3-H Securities Co. v. Kibby

26 P.2d 893, 135 Cal. App. 173, 1933 Cal. App. LEXIS 120
CourtCalifornia Court of Appeal
DecidedNovember 7, 1933
DocketDocket No. 4761.
StatusPublished

This text of 26 P.2d 893 (3-H Securities Co. v. Kibby) is published on Counsel Stack Legal Research, covering California Court of Appeal primary law. Counsel Stack provides free access to over 12 million legal documents including statutes, case law, regulations, and constitutions.

Bluebook
3-H Securities Co. v. Kibby, 26 P.2d 893, 135 Cal. App. 173, 1933 Cal. App. LEXIS 120 (Cal. Ct. App. 1933).

Opinion

BURROUGHS, J., pro tem.

Three separate petitions for writs of mandate were consolidated for trial in the court below, and have also been consolidated for the purposes of appeal. The writs were granted by the court, hence these appeals. The following statement of facts is sufficient for an understanding of the questions presented for decision.

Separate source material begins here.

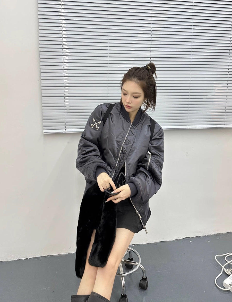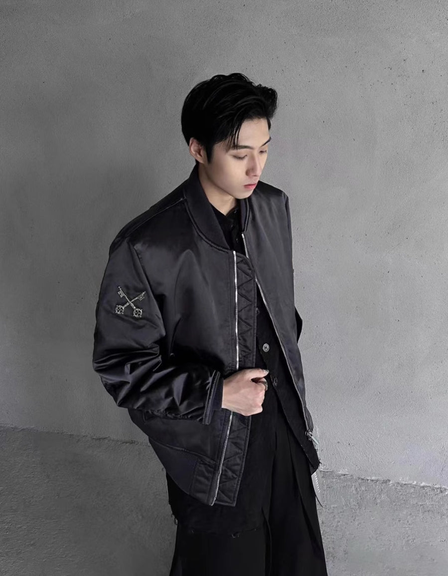 UNAWARES. CROSS KEY BADGE BOMBER JACKET QUILTED JACKET

The San Joaquin River Water Storage District, hereinafter referred to as the district, was organized November 2'6, 1923, under the California Water Storage District Act, approved June 3, 1921 (Deering’s General Laws, 1931, vol. 3, p. 5103). On March 4, 1924, an assessment was levied on the property within the district under the provisions of section 16 of said act. Proceedings were regularly had for the collection of the assessments, and the assessments upon the several pieces of property mentioned in the petitions herein not having been paid, the properties were offered for sale at public auction. There were no bidders for the properties described in cases Nos. 9107 and 9108, and said properties were struck off to the district as provided in section 21 of the act, and certificates of sale therefor issued to the district by the county treasurer as ex-officio treasurer of the district. There was a bidder for the property described in action No. 9086, and the property was thereupon sold to the bidder and a certificate of sale issued to her. Under the terms of the act, three years from the date of the sale is allowed for redemption of the property by the owner or any party interested. It is admitted that the time has expired and no redemption has been made. It is also admitted that all of the proceedings up to and including the sales were regular and in accordance with the statute.

The board of directors of the district,, by a resolution dated February 25, 1929, authorized the president and *175 treasurer of the district to execute and deliver to Miller & Lux, Inc., all necessary instruments of transfer, vesting in the latter full and complete title to all the certificates of sale and tax deeds referred to in said resolution, which included those set forth in actions Nos. 9107 and 9108. On March 6, 1929, a conveyance was made by the district to said Miller & Lux, Inc., in accordance with said resolution conveying to them all of the certificates of sales and tax deeds and the real property referred to and by mesne conveyances all of said property was conveyed to the petitioner herein, who in due time demanded of the treasurer of Merced County, as ex-officio treasurer of the district that he convey all of said property to petitioner, but the treasurer refused and still refuses to make such conveyance.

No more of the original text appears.